Nontapat Panchan

Personal information
- Nationality: Thailand
- Born: 23 November 1981 (age 44) Bangkok, Thailand
- Height: 1.76 m (5 ft 9+1⁄2 in)
- Weight: 70 kg (154 lb)

Sport
- Sport: Fencing
- Event: Foil
- Club: Blade club
- Team: Thai team

Medal record
Men's fencing
Representing Thailand
Southeast Asian Games
| Gold medal – first place | 2001 Kuala Lumpur | Foil |
| Gold medal – first place | 2003 Ho Chi Minh | Foil |
| Gold medal – first place | 2005 Manila | Foil |
| Gold medal – first place | 2011 Palembang | Foil |
| Gold medal – first place | 2015 Singapore | Foil |
| Silver medal – second place | 2007 Bangkok | Foil |

= Nontapat Panchan =

Thai fencer (born 1981)

Nontapat Panchan (นนทพัฒน์ ปานจันทร์; ; born November 23, 1981, in Bangkok) is a Thai foil fencer.

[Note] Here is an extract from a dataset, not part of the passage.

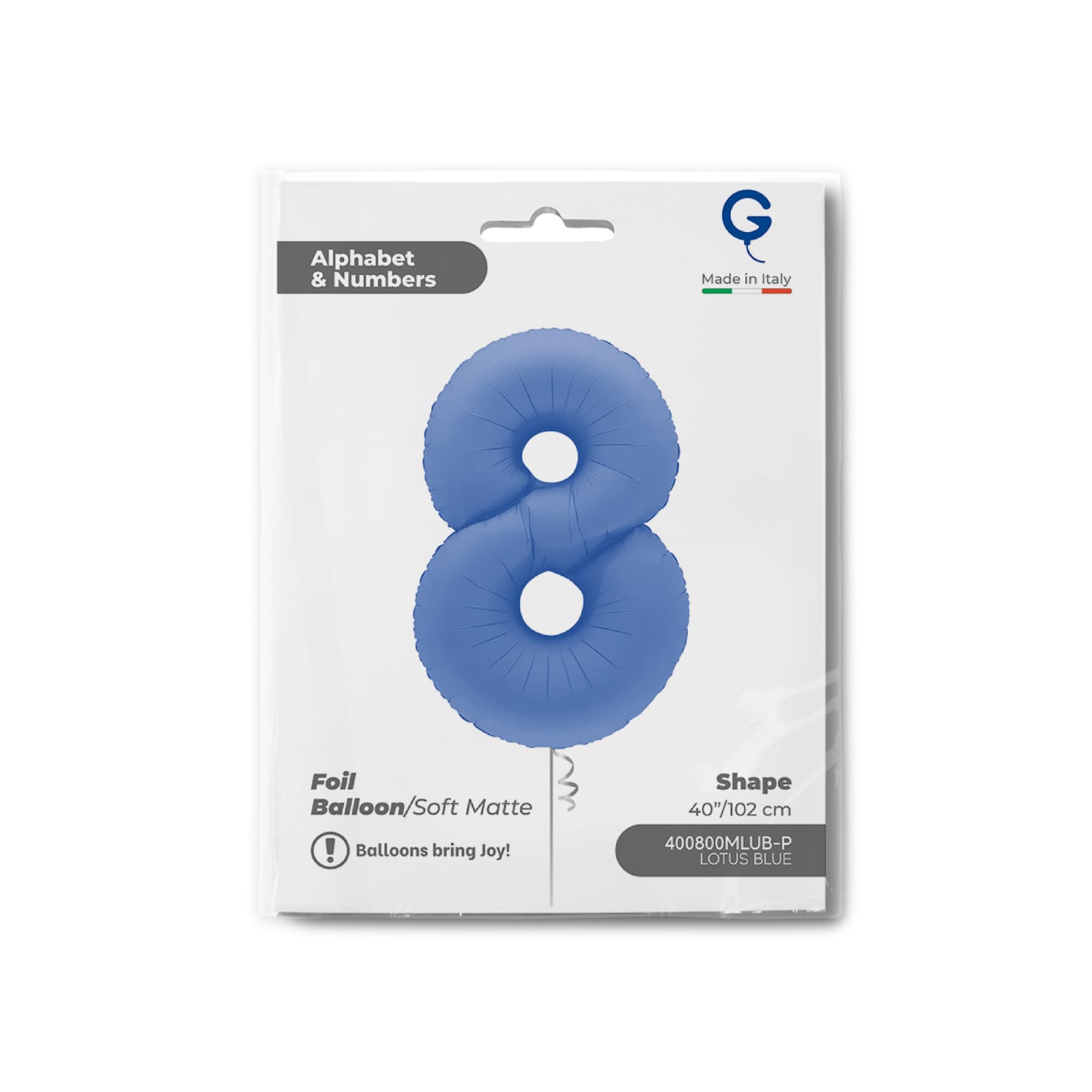 Destaque a sua decoração com o elegante balão foil número 8 em azul lotus mate. Com 102 cm (40”), é perfeito para aniversários, datas comemorativas e eventos especiais.

Panchan had won nine medals - 5 Golds and 1 Silver in Individual Men's Foil, 2 Golds, 1 Silver, and 1 Bronze in the Men's Team Foil event Southeast Asian Games 2001 in Kuala Lumpur, Malaysia, 2003 in Ho Chi Minh, Vietnam, 2005 in Manila, Philippines, 2007 in Bangkok, Thailand, 2011 in Palembang, Indonesia, and 2015 in Singapore. He is also a two-time NCAA champion (2002 and 2003). Nontapat graduated with an Economics Degree from Pennsylvania State University in State College, Pennsylvania, under a full scholarship grant.

Panchan represented Thailand at the 2008 Summer Olympics in Beijing, where he competed in the men's individual foil event. He lost the first preliminary round match to Poland's Sławomir Mocek, with a score of 7–15.